There are some very clear things that we can start spearheading though.
I take some inspiration from the fact that you have all sorts of different storage classes available in the cloud. Please bear with me, even if you’re not using a cloud provider – the provider isn’t important, but perhaps the idea will help. With these different storage classes available, you can determine what types of access you need. Immediate, infrequent, delayed, even significantly delayed.
I think this is a powerful model we could easily (!) apply to the data we’re all tasked with managing. With these storage models, the idea is that you’d store the information in the “immediate” “zone” while you’re actively using it. Then, as the information ages (the files, objects, whatever) you move them down the tree into the other areas, probably eventually deleting it as it ages out of usefulness.
I think it’s important that we start approaching our own information stores this same way. But we have some interesting tools to apply. If you think about the data in our systems, we need to start thinking about aging out data elements that are no longer “active.” Some ideas:
Use views to control access to “current” information – this lets you decide what information is seen, who sees it, etc. You can modify the views to support what information is returned, etc. This is pretty typical of most systems today – same operation.

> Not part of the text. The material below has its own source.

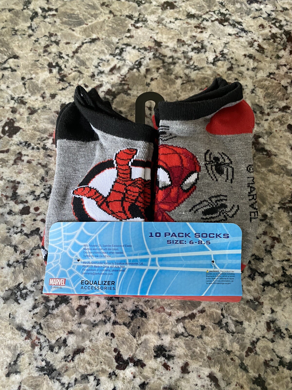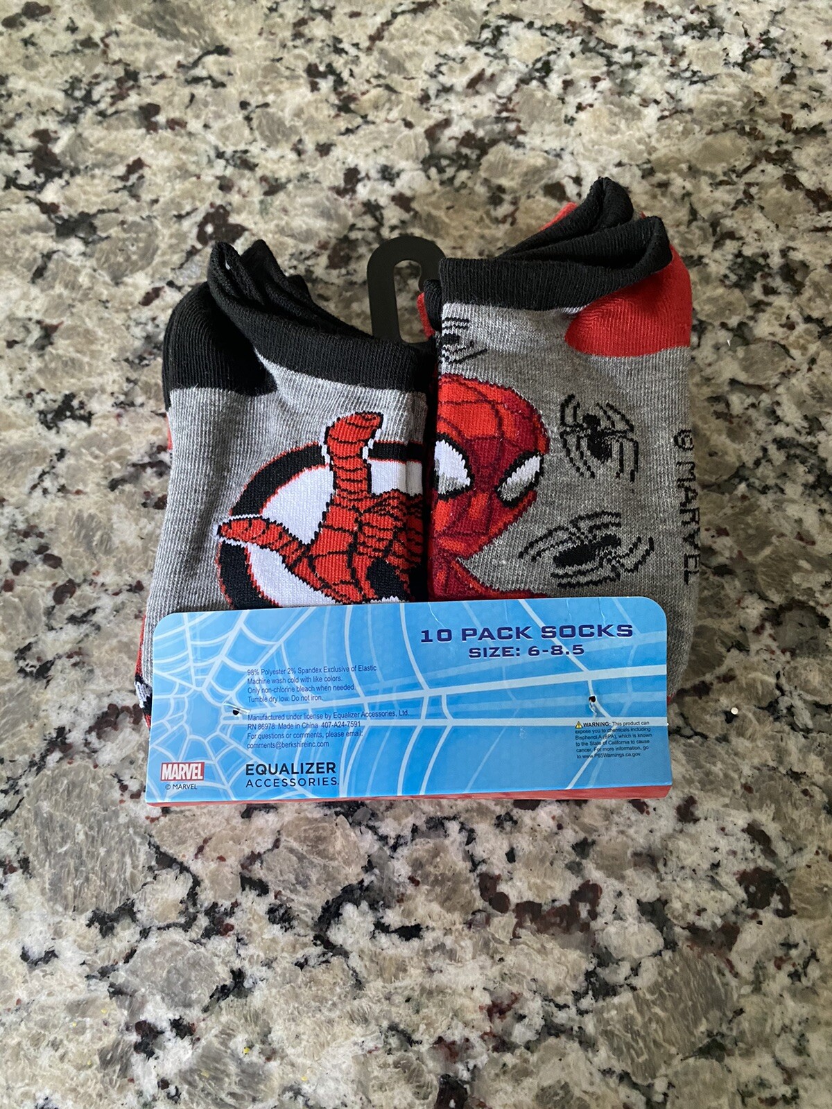 как выглядит Marvel Spider-Man Kids 10-Pack Socks Size 6-8.5 фото

As information ages into the next phase, mask information. Keep the last 4 of the credit card number, mask the rest if you have to have it to look up for warranty, etc. You can even apply the mask in the database tables (rather than just the queries) and update columns, protecting the information in a big way that in reality, you’ll likely never HAVE to have. You have other ways of getting it (like asking the customer for the last 4 and then moving from there). Masking is a feature of SQL Server (read more here) that you can apply and take a big bite out of the liability in your database, while still providing great reporting. Still need to know the sales by region or whatever? Great. Keep “State” and keep “ZipCode” but get rid of the specific address or other information that is really not of as much use. (You’ll have to tailor to what’s important of course).
As information ages yet again into the next phase, REMOVE column content that is now meaningless. Get it out of the database. Clean the tables so they can be used for statistical review (how many orders in Arizona) but really, the detail will be much less important. As soon as you can say it’s not important or helpful, get rid of it. This is a scary thing to do (“But what if we need it later”) the reality is you won’t. You know when information is no longer valid. You can create new views that show aggregate and summarized information that keeps the utility of the information but removes the specifics. Move summaries into a data warehouse.
If you apply the same archival progression to your data, you won’t impair the usefulness, you will decrease the risk to your customers, your company, and you will do those whose information you’re storing a big favor. Along the way, you make your systems and information less tasty to nefarious types and increase the security and lower the liability of the information you are keeping. All of this can be automated based on usage dates and the models of your business and how it really uses information.
In short, you’ll be a hero.